● Data listing
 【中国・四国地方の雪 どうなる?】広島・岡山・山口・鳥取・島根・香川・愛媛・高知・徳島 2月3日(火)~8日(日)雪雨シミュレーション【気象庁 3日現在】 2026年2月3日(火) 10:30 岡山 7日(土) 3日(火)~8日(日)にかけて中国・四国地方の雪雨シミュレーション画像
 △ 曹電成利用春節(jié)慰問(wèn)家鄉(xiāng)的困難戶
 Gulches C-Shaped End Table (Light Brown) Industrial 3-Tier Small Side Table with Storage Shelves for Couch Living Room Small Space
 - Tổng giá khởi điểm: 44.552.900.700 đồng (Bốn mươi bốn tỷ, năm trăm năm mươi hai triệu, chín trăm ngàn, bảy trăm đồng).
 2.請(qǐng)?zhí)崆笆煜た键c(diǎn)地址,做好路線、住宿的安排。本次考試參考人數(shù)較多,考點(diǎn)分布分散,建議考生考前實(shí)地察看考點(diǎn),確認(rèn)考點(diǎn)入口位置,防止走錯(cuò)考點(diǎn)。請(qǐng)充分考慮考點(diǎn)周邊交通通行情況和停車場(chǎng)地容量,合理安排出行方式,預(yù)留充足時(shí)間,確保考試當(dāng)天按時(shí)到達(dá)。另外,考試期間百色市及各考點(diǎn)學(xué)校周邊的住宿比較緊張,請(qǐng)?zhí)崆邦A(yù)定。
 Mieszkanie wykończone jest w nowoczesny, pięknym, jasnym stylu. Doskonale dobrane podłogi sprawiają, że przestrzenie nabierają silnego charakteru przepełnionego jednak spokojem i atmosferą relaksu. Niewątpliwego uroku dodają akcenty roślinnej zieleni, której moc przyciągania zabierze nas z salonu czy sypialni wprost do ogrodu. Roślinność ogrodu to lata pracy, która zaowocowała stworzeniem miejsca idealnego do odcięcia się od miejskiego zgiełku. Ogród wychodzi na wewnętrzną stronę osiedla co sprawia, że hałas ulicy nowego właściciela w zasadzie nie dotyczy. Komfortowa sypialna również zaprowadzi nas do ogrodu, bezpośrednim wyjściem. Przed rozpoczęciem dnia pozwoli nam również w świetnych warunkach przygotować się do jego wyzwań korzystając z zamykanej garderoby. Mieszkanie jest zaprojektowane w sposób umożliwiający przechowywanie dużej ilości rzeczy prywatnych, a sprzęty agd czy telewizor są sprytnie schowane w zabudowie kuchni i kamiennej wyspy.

==

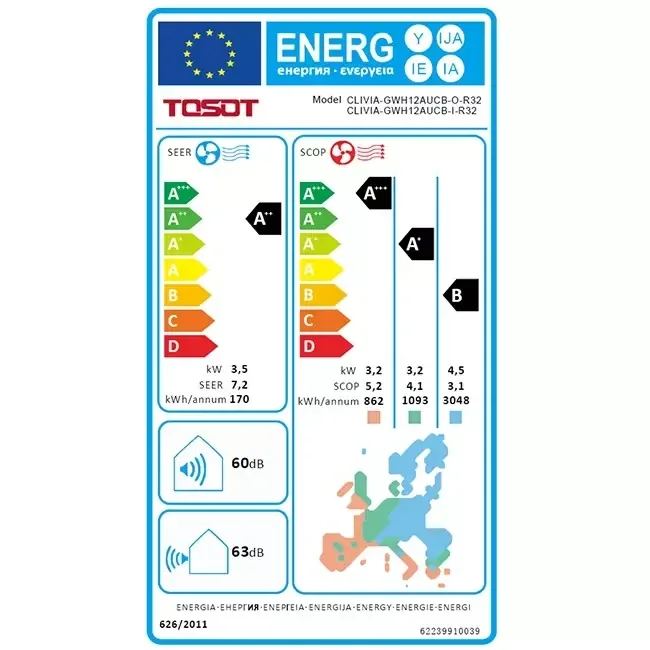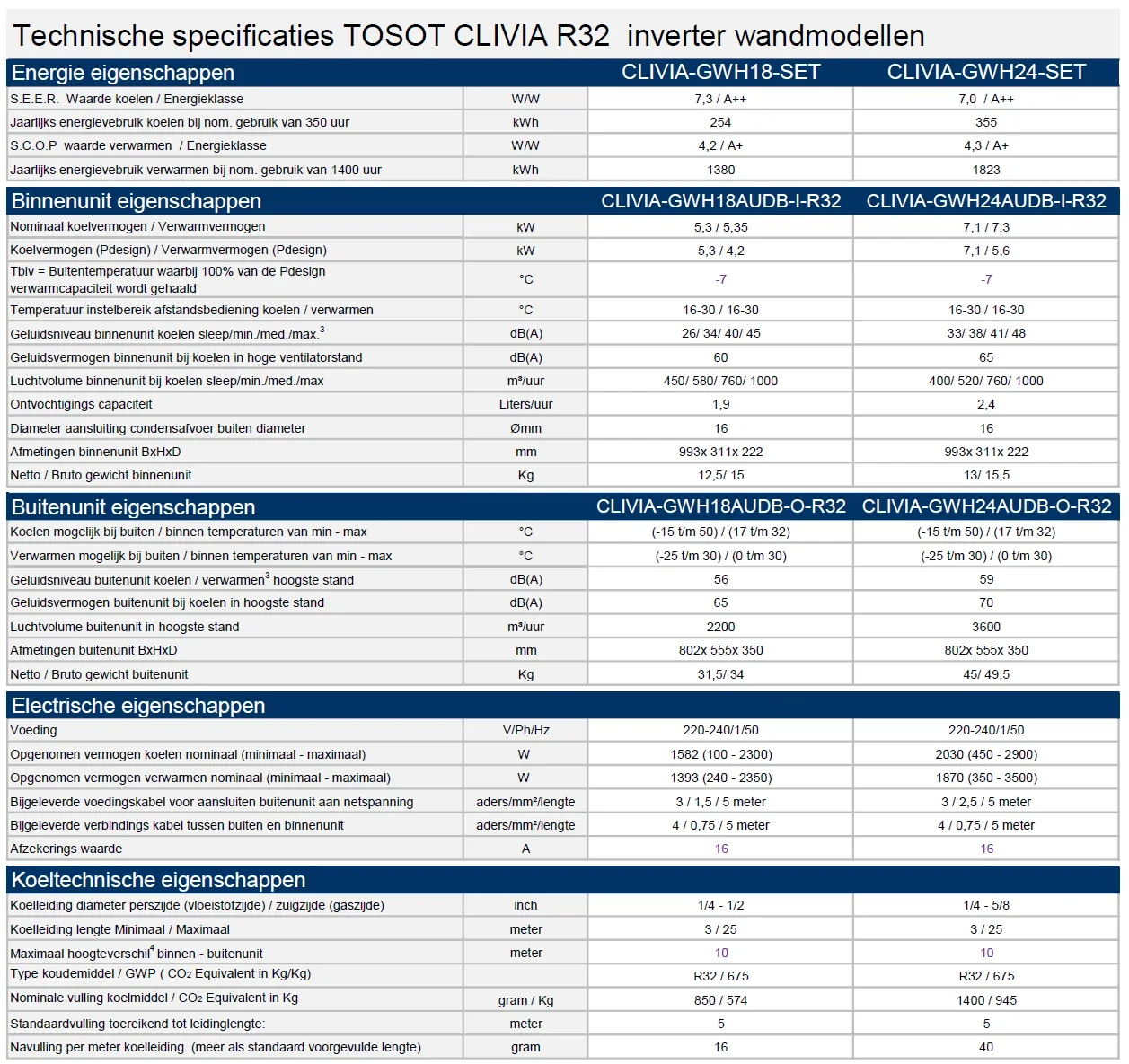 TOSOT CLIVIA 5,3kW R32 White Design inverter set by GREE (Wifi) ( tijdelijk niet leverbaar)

● Activity
Taking the entries above, print exactly the lines starting at the line with "岡山 7日(土) 3日(火)~8日(日)にかけて中国・四国地方の雪雨シミュレーション画像" and ending at the line with "2.請(qǐng)?zhí)", both included.

● Answer for the task
 【中国・四国地方の雪 どうなる?】広島・岡山・山口・鳥取・島根・香川・愛媛・高知・徳島 2月3日(火)~8日(日)雪雨シミュレーション【気象庁 3日現在】 2026年2月3日(火) 10:30 岡山 7日(土) 3日(火)~8日(日)にかけて中国・四国地方の雪雨シミュレーション画像
 △ 曹電成利用春節(jié)慰問(wèn)家鄉(xiāng)的困難戶
 Gulches C-Shaped End Table (Light Brown) Industrial 3-Tier Small Side Table with Storage Shelves for Couch Living Room Small Space
 - Tổng giá khởi điểm: 44.552.900.700 đồng (Bốn mươi bốn tỷ, năm trăm năm mươi hai triệu, chín trăm ngàn, bảy trăm đồng).
 2.請(qǐng)?zhí)崆笆煜た键c(diǎn)地址,做好路線、住宿的安排。本次考試參考人數(shù)較多,考點(diǎn)分布分散,建議考生考前實(shí)地察看考點(diǎn),確認(rèn)考點(diǎn)入口位置,防止走錯(cuò)考點(diǎn)。請(qǐng)充分考慮考點(diǎn)周邊交通通行情況和停車場(chǎng)地容量,合理安排出行方式,預(yù)留充足時(shí)間,確保考試當(dāng)天按時(shí)到達(dá)。另外,考試期間百色市及各考點(diǎn)學(xué)校周邊的住宿比較緊張,請(qǐng)?zhí)崆邦A(yù)定。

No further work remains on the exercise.